(Information supplied)
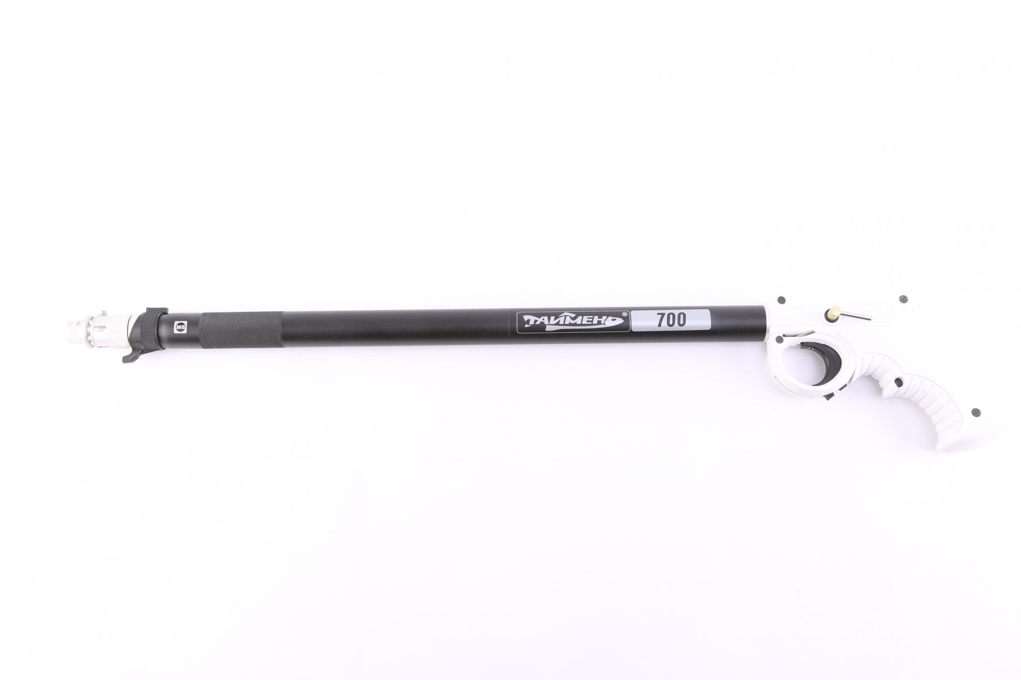 Ружьё для подводной охоты пневматическое(пневмовакуумное) Таймень PVRM-RV 700 ф8(У) БЛС, универсальное подводное ружьё длинной 70 см, для охоты в воде с прозрачностью от 3 метров. Дальность боя до 5 метров. Гарпун диаметром 8 мм обеспечивает наилучшую пробивную способность и реже гнется (в сравнении с более тонкими гарпунами). Универсальная рукоятка дает возможность использовать ружьё как правой так и левой рукой. Регулятор боя дает возможность уменьшит силу выстрела на 40% что делает охоту на мелководье в коряжнике и камнях более удобной. Боковой линесброс позволяет удобно установить катушку и фонарь, линь хорошо лежит вдоль ружья не собирает траву и не цепляется за коряжник. Резиновая манжета в надульнике создает в стволе вакуум, уменьшает попадание в ствол мелких частиц (песка, ила) а также воды, отсутствие воды в стволе при движении поршня и гарпуна значительно повышает силу выстрела и обеспечивает эффективность охоты при небольшом усилии заряжания.
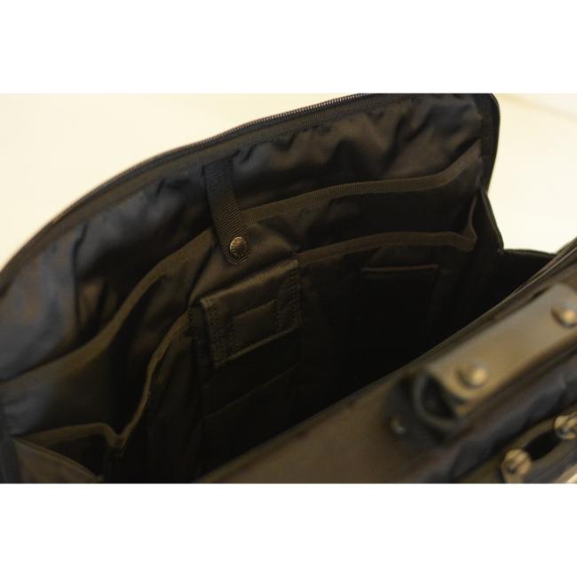 メイン収納部は、内部をひと目で見渡せるよう開口部を大きく設計。 ビジネスツールの仕分けに便利なポケットを適所に配置し、A4書類や手帳、ペンなどの必需品を定位置に収納できます。
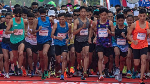 Sejumlah pelari memacu kecepatan mereka dari garis start saat mengikuti ajang lari Semarang 10K di Semarang, Jawa Tengah, Minggu (18/12). Foto: Aji Styawan/Antara FotoAjang lari berjarak tempuh 10 Kilometer tersebut menghadirkan empat kategori lomba. Foto: Aji Styawan/Antara FotoKategori tersebut yaitu 10K Nasional (putra/putri), 10K Master (putra/putri), 10K Pelajar (putra/putri) dan Kid Dash (putra/putri). Foto: Aji Styawan/Antara FotoAtlet lari nasional Indonesia, Robi Syianturi memacu kecepatannya saat mengikuti ajang lari Semarang 10K kategori nasional di Kawasan Cagar Budaya Nasional Kota Lama Semarang, Jawa Tengah, Minggu (18/12/2022). Foto: Aji Styawan/Antara Foto
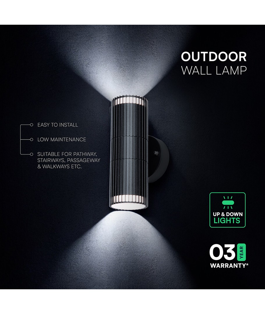 Denna stilfulla vägglampa är en del av den erkända V-Tac Pro-serien och erbjuder både estetik och funktionalitet för dina utomhusmiljöer. Med sin moderna design och praktiska funktionalitet, är denna lampa en perfekt tillskott till varje fasad eller gård.
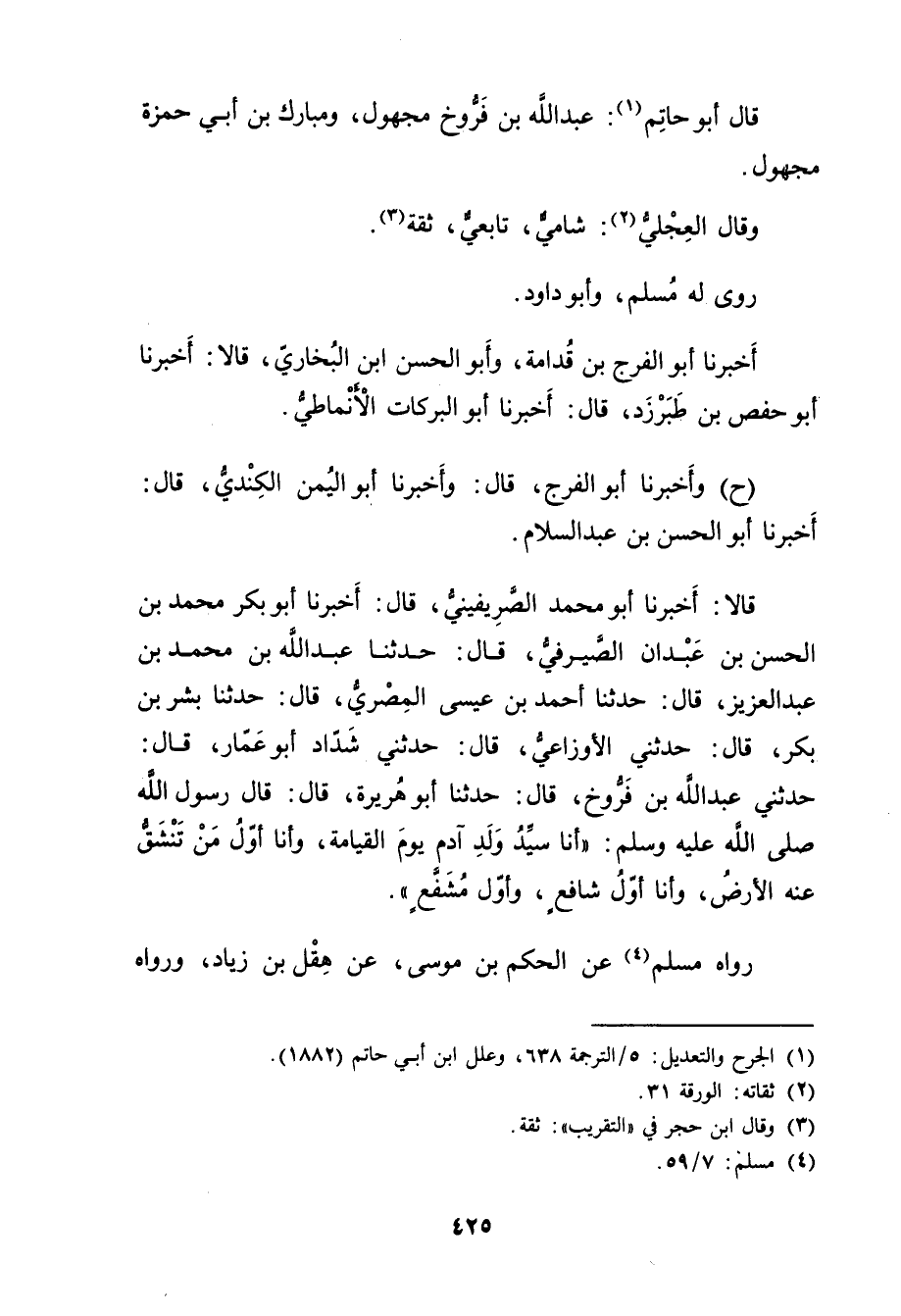 قال أَبُو حاتم (1) : عَبد اللَّهِ بن فروخ مجهول، ومبارك بن أَبي حمزة مجهول. وَقَال العجلي (2) : شامي، تابعي، ثقة (3) .
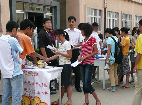 为了让中秋佳节不能与家人团聚的同学们感受到虽身在异乡,却与家人相隔咫尺,校学生会生活部联合移动公司于9月14日中午在学生四公寓门前举办了题为“庆中秋 免费打电话 送月饼”活动。广大同学积极参加,广受好评。
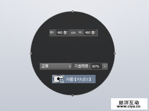 画一个480*480像素的圆,将圆的不透明度更改为80%。
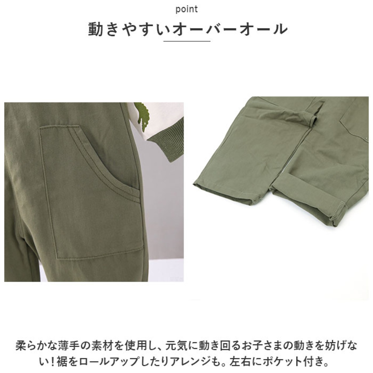 ・柔らかな薄手の素材を使用し、元気に動き回るお子さまの動きを妨げない!裾をロールアップしたりアレンジも。左右にポケット付き。
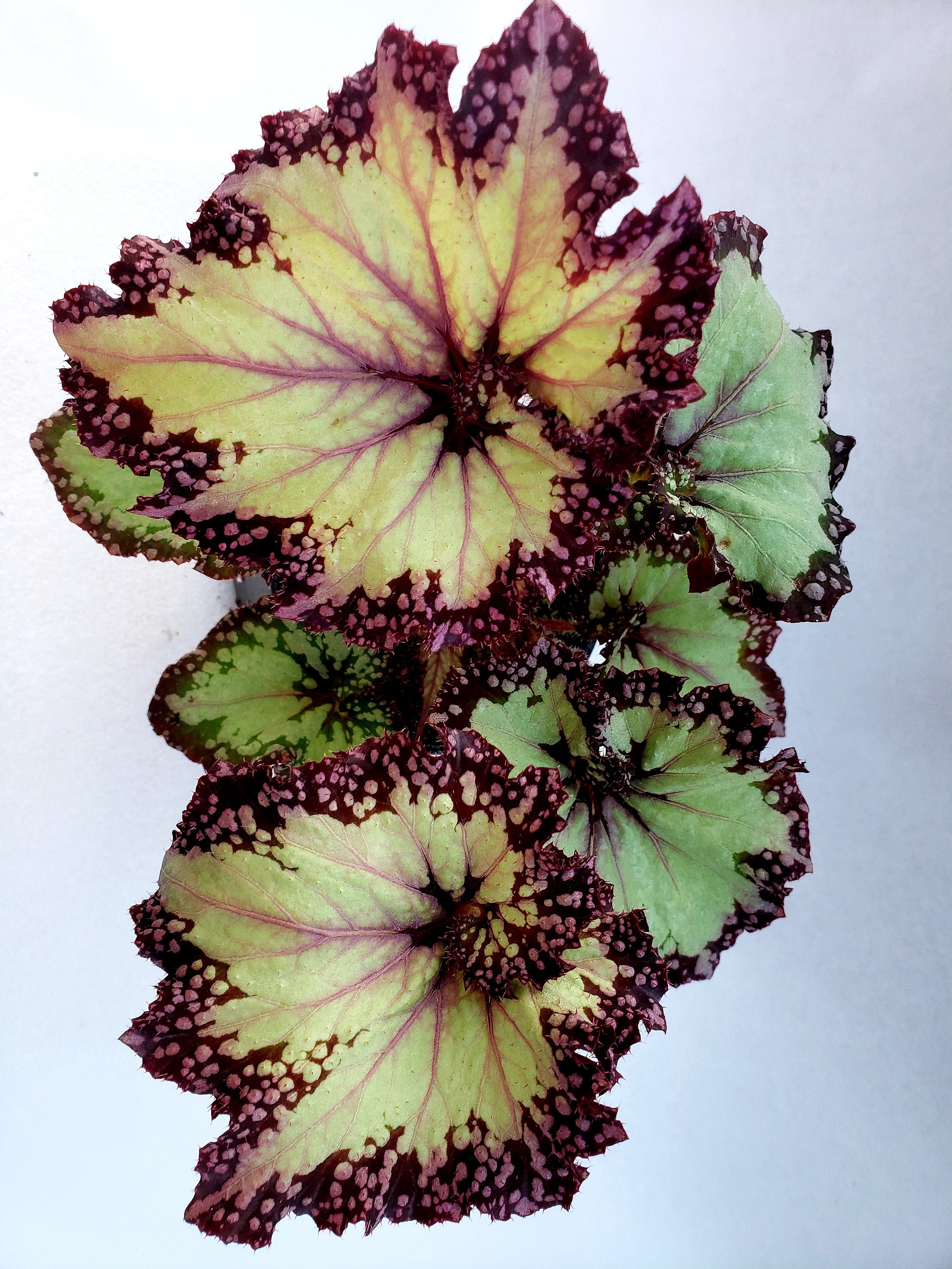 La begonia es una planta con hojas llamativas y un aspecto deslumbrante. Es una planta conocida por ser difícil de cuidar. Prospera en la sombra que todavía está expuesta a la luz del sol. Hojas plateadas con bordes verdes y detalles manchados.
(End Information supplied)
**Your objective:** Print the listing exactly, but skip its pictures.

**Written solution:**
 Ружьё для подводной охоты пневматическое(пневмовакуумное) Таймень PVRM-RV 700 ф8(У) БЛС, универсальное подводное ружьё длинной 70 см, для охоты в воде с прозрачностью от 3 метров. Дальность боя до 5 метров. Гарпун диаметром 8 мм обеспечивает наилучшую пробивную способность и реже гнется (в сравнении с более тонкими гарпунами). Универсальная рукоятка дает возможность использовать ружьё как правой так и левой рукой. Регулятор боя дает возможность уменьшит силу выстрела на 40% что делает охоту на мелководье в коряжнике и камнях более удобной. Боковой линесброс позволяет удобно установить катушку и фонарь, линь хорошо лежит вдоль ружья не собирает траву и не цепляется за коряжник. Резиновая манжета в надульнике создает в стволе вакуум, уменьшает попадание в ствол мелких частиц (песка, ила) а также воды, отсутствие воды в стволе при движении поршня и гарпуна значительно повышает силу выстрела и обеспечивает эффективность охоты при небольшом усилии заряжания.
 メイン収納部は、内部をひと目で見渡せるよう開口部を大きく設計。 ビジネスツールの仕分けに便利なポケットを適所に配置し、A4書類や手帳、ペンなどの必需品を定位置に収納できます。
 Sejumlah pelari memacu kecepatan mereka dari garis start saat mengikuti ajang lari Semarang 10K di Semarang, Jawa Tengah, Minggu (18/12). Foto: Aji Styawan/Antara FotoAjang lari berjarak tempuh 10 Kilometer tersebut menghadirkan empat kategori lomba. Foto: Aji Styawan/Antara FotoKategori tersebut yaitu 10K Nasional (putra/putri), 10K Master (putra/putri), 10K Pelajar (putra/putri) dan Kid Dash (putra/putri). Foto: Aji Styawan/Antara FotoAtlet lari nasional Indonesia, Robi Syianturi memacu kecepatannya saat mengikuti ajang lari Semarang 10K kategori nasional di Kawasan Cagar Budaya Nasional Kota Lama Semarang, Jawa Tengah, Minggu (18/12/2022). Foto: Aji Styawan/Antara Foto
 Denna stilfulla vägglampa är en del av den erkända V-Tac Pro-serien och erbjuder både estetik och funktionalitet för dina utomhusmiljöer. Med sin moderna design och praktiska funktionalitet, är denna lampa en perfekt tillskott till varje fasad eller gård.
 قال أَبُو حاتم (1) : عَبد اللَّهِ بن فروخ مجهول، ومبارك بن أَبي حمزة مجهول. وَقَال العجلي (2) : شامي، تابعي، ثقة (3) .
 为了让中秋佳节不能与家人团聚的同学们感受到虽身在异乡,却与家人相隔咫尺,校学生会生活部联合移动公司于9月14日中午在学生四公寓门前举办了题为“庆中秋 免费打电话 送月饼”活动。广大同学积极参加,广受好评。
 画一个480*480像素的圆,将圆的不透明度更改为80%。
 ・柔らかな薄手の素材を使用し、元気に動き回るお子さまの動きを妨げない!裾をロールアップしたりアレンジも。左右にポケット付き。
 La begonia es una planta con hojas llamativas y un aspecto deslumbrante. Es una planta conocida por ser difícil de cuidar. Prospera en la sombra que todavía está expuesta a la luz del sol. Hojas plateadas con bordes verdes y detalles manchados.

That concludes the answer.